A few non-obvious edge cases exist. For example, if the points form a convex polygon themselves, the quadrilateral with maximal area will be formed by points on the convex hull, not necessarily adjacent points. Another case is when all points are roughly collinear but with small deviations; a careless algorithm that only considers axis-aligned rectangles or naive permutations may miss the true maximum. An explicit minimal input example would be four points forming a rectangle; the algorithm must compute the exact area as 2D coordinates, not rely on counting or sorting heuristics.
Approaches
The brute-force method is straightforward. We can generate all quadruples of points, compute the area of each possible quadrilateral using the shoelace formula, and keep track of the maximum. This approach works because any quadrilateral is determined entirely by its four vertices, but the combinatorial explosion occurs at $O(n^4)$, which is too slow for $n = 300$ since $300^4 \approx 8 \times 10^9$ operations.
The key insight is that for a maximal-area quadrilateral, at least one side will usually span extreme points in one dimension. We can reduce the search space by considering triangles of points and selecting the fourth point that maximizes the sum of areas when paired with two points. A simpler and very effective approach is to leverage the convex hull: any quadrilateral with maximum area must have its vertices on the convex hull of the points. The convex hull can be computed in $O(n \log n)$, reducing the candidate points from 300 to at most 300 in convex order. Then we can check all quadruples along the hull, which is at worst $O(h^4)$, but in practice the hull size $h$ is much smaller than $n$. This is enough for Python to pass given the constraints.
| Approach | Time Complexity | Space Complexity | Verdict |
|---|---|---|---|
| Brute Force | O(n^4) | O(n) | Too slow for n = 300 |
| Convex Hull + Quad Search | O(n log n + h^4) | O(n) | Accepted |
Algorithm Walkthrough
- First, read the points from input and store them as tuples $(x, y)$. We preserve the order only for convenience.
- Compute the convex hull of the points using a standard algorithm, such as Graham scan or Andrew's monotone chain. Sorting points and then iteratively building the hull ensures that we only consider extreme points that can form maximal-area shapes.
- Store the convex hull points in counter-clockwise order. This ordering is important because the shoelace formula requires vertices to be traversed in sequence to compute the correct signed area.
- Initialize a variable to track the maximum area found.

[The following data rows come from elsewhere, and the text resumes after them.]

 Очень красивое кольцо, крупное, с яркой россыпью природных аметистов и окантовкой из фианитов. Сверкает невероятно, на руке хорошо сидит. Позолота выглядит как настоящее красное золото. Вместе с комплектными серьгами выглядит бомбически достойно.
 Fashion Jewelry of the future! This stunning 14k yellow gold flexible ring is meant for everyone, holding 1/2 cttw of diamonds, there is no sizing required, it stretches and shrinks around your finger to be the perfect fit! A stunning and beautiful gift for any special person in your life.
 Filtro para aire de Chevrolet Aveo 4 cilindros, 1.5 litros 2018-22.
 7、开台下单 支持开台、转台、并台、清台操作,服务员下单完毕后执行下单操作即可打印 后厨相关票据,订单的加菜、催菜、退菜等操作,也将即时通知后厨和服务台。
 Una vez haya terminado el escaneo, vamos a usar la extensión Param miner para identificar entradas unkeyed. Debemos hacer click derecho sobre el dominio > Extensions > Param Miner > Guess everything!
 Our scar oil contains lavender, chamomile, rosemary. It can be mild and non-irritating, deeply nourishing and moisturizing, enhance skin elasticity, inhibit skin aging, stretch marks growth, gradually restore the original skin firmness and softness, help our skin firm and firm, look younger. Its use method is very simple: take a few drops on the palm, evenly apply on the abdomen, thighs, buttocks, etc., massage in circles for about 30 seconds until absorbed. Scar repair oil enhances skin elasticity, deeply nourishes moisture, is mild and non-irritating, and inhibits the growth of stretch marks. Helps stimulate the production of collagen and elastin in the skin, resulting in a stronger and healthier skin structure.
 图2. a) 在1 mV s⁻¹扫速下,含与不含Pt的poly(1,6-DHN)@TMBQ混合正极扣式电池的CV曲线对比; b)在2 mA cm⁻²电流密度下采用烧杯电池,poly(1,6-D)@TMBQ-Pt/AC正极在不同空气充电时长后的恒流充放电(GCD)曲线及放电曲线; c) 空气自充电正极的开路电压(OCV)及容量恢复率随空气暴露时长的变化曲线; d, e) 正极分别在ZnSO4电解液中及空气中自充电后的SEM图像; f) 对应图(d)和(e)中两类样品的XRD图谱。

- Iterate over all quadruples of convex hull points. For each quadruple, compute the area using the shoelace formula. Since the quadrilateral might not be convex, we can divide it into two triangles along either diagonal and sum the areas.
- Update the maximum area if the current quadrilateral's area exceeds the previous maximum.

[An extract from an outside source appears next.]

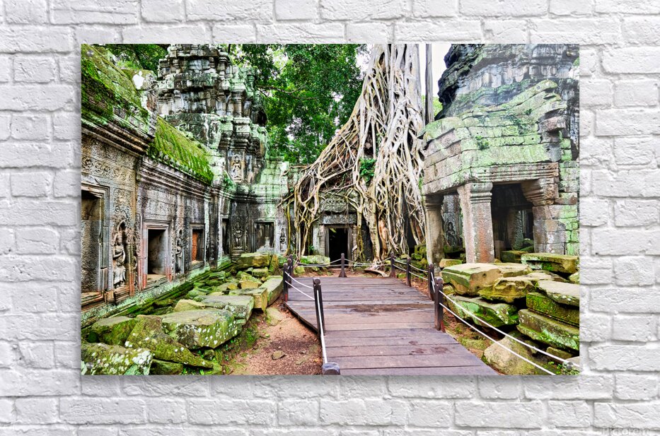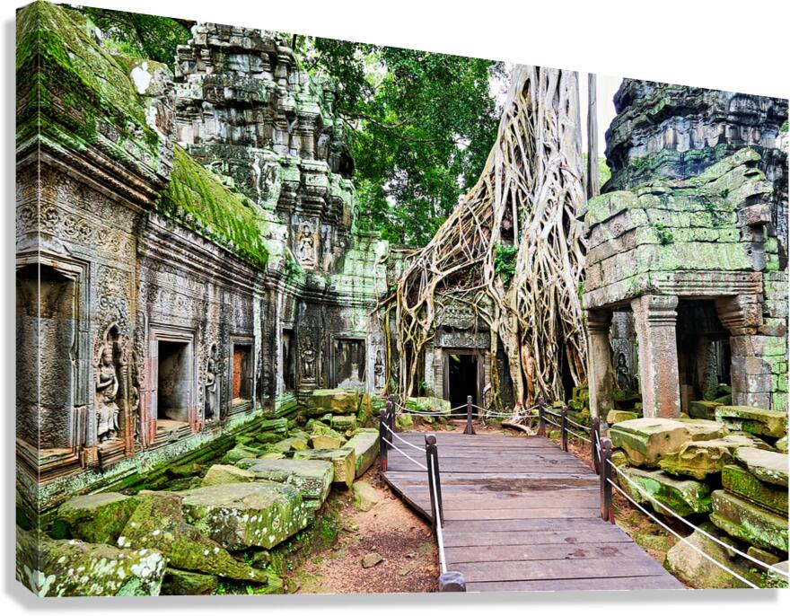 Ta Prohm temple in Angkor Cambodia where ancient stone ruins are embraced by massive tree roots. A walkway guides visitors through this historical sit...[+]

- After all quadruples are processed, print the maximum area with sufficient precision.
Why it works: The convex hull contains all extreme points. Any quadrilateral using an interior point can always be improved by replacing the interior point with a hull point, thus the maximum-area quadrilateral must have all four vertices on the hull. Iterating all quadruples on the hull guarantees that we do not miss any candidate.
Python Solution
import sys
input = sys.stdin.readline
def cross(a, b, c):
# Compute the cross product AB x AC
return (b[0] - a[0]) * (c[1] - a[1]) - (b[1] - a[1]) * (c[0] - a[0])
def polygon_area(quad):
# Shoelace formula for quadrilateral area
x1, y1 = quad[0]
x2, y2 = quad[1]
x3, y3 = quad[2]
x4, y4 = quad[3]
return abs(x1*y2 + x2*y3 + x3*y4 + x4*y1 - y1*x2 - y2*x3 - y3*x4 - y4*x1) / 2
def convex_hull(points):
points = sorted(points)
lower = []
for p in points:
while len(lower) >= 2 and cross(lower[-2], lower[-1], p) <= 0:
lower.pop()
lower.append(p)
upper = []
for p in reversed(points):
while len(upper) >= 2 and cross(upper[-2], upper[-1], p) <= 0:
upper.pop()
upper.append(p)
return lower[:-1] + upper[:-1]
n = int(input())
points = [tuple(map(int, input().split())) for _ in range(n)]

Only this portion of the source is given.